One thing I know for sure, the Dacarbazine really knocked my blood cell production for a loop. I slumped down to 1000 platelets per microliter (150,000 is normal) and bruised up like I was in a bar brawl. The timing was poor, I was helping unload supplies at a Habitat for Humanity build site and whereever I "lightly" bumped myself in several places I bruised. I was so embarrassed that I wore long sleeved shirts all week long.

So I kept to myself the last week and had two transfusions (4 units of blood and 2 units of platelets all told). Now I'm feeling quite well, getting stuff done like normal until the hard drive crash.

The focus at this time is as always, relax and don't worry about the cancer. My time with my fiancee has been precious, if I could exclude the cancer, I can't think of a time when I was happier. So I've been using all the mind calming exercises that I know.

Mind Stabilization

As I was saying on my last post, my focus lately has been on the mind and its powers of healing. I've been trying to stabilize and center myself in order to heal my body. This attitude is talked about in many religions and human development systems.

I think a good introduction to this spiritual way of thought is Sri Sri Ravi Shankar's (of the Art of Living Foundation) article Dealing with Fear. In this article he discusses that centering the mind (or self) allows your mind to be free of emotions such as fear, guilt, and anger. He states "when the mind is free of fear, free of guilt, free of anger, and more centered, then it can heal the system of any ailment."

When I started observing myself, It is amazing to me how much anger and guilt I was feeling. I haven't had to deal with fear that much. But it does pop out every now and then (one instance was at the end of my radiation session).

It's not an easy thing to do, dropping these emotions out of your life. If one could completely eradicate those feelings, I'm sure they are well on their way to enlightenment. However, it is important for one to try to reduce the amount of these emotions.

The Science of Love

If we need to reduce the anger, guilt and fear, then the other side of the coin is increasing the amount of love you experience. Your family, friends, and/or significant other are so important in making your life balanced and not allowing the disease overcome your systems.

I suggest reading Paul Pearsall's "Making Miracles" which was given to me by a dear friend. He discusses this in length (at least in the updated edition which is called "Miracle in Maui"). Basically he says these people are your main Life Support System (emphasis added by me).

I don't understand all of what Dr. Pearsall says in this book. But many parts absolutely clicked with me. Anyway, I don't think it is necessary to understand everything, just taking these few steps will allow you to help stabilize and strengthen your "self."
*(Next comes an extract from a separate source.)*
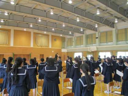 3月10日(金)5限 卒業式に向けて歌練習を頑張っています。

Maybe the disease will progress and kill me, maybe it won't. But being able to increase the love that I experience and reduce the destabilizing emotions allows me to enjoy the days that I have left.

New Chemotherapy

I'm back and am on a new chemotherapy regimen, since I "failed" protocol on the trial drug Trabectedin. My doctor now chose Dacarbazine for a single-agent therapy.

The latest scans have shown some growth since October, but I figured that this was going to be the case. I was off chemotherapy for about two months. Now that I'm back we'll see if we can stop this growth with the new therapy and eventually kill the cancer.

I'm positive this is going to take a very strong mental approach, but more on that later. I'm feeling quite good considering, very little pain (or at least pain that is manageable) at this time.